ちなみに殺人未遂を犯した紫苑が学校に復帰できたのは『好きになった幼馴染を誰かに盗られたなら、そんな行動に及ぶのも仕方がない』という、成司先輩の計らいである。マジで意味が分からないし理解に苦しむ。
「あー……すまない。聞き方が悪かった。

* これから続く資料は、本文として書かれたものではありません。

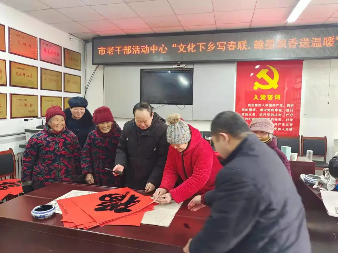 近年来,市老干部活动中心、老年大学紧密结合自身工作实际,深入开展党史学习教育,积极践行“我为群众办实事”活动,组织开展各类文化服务活动,为助力乡村振兴凝聚了广大离退休干部的思想共识、做出了积极贡献。本次活动共送出春联300余幅,受到村民们的一致好评。

二人とも、前まではお互い本当にものすごい火花を散らしていたのに、今ではそんなことないっぽいからさ」
「「……」」
俺にそう言われた直後、二人はお互い顔を合わせた。
「ま、まぁ……瑠夏が入院したときは私が多くお見舞いできるようにしたし、なにより私の大切な彼氏を助けてくれたこと、本当にありがたかったから」
「し、紫苑はまだ門矢さんがるーちゃんの彼女って認めたわけじゃないよ! でも、あんな電波女に比べたら、門矢さんの方が遥かマシって思ったよ。それだけ! あくまでそれだけだから!」
二人はお互いにツンケンとしているが、お互いなりに歩み寄っているのだろう。あくまで俺の解釈なのだが。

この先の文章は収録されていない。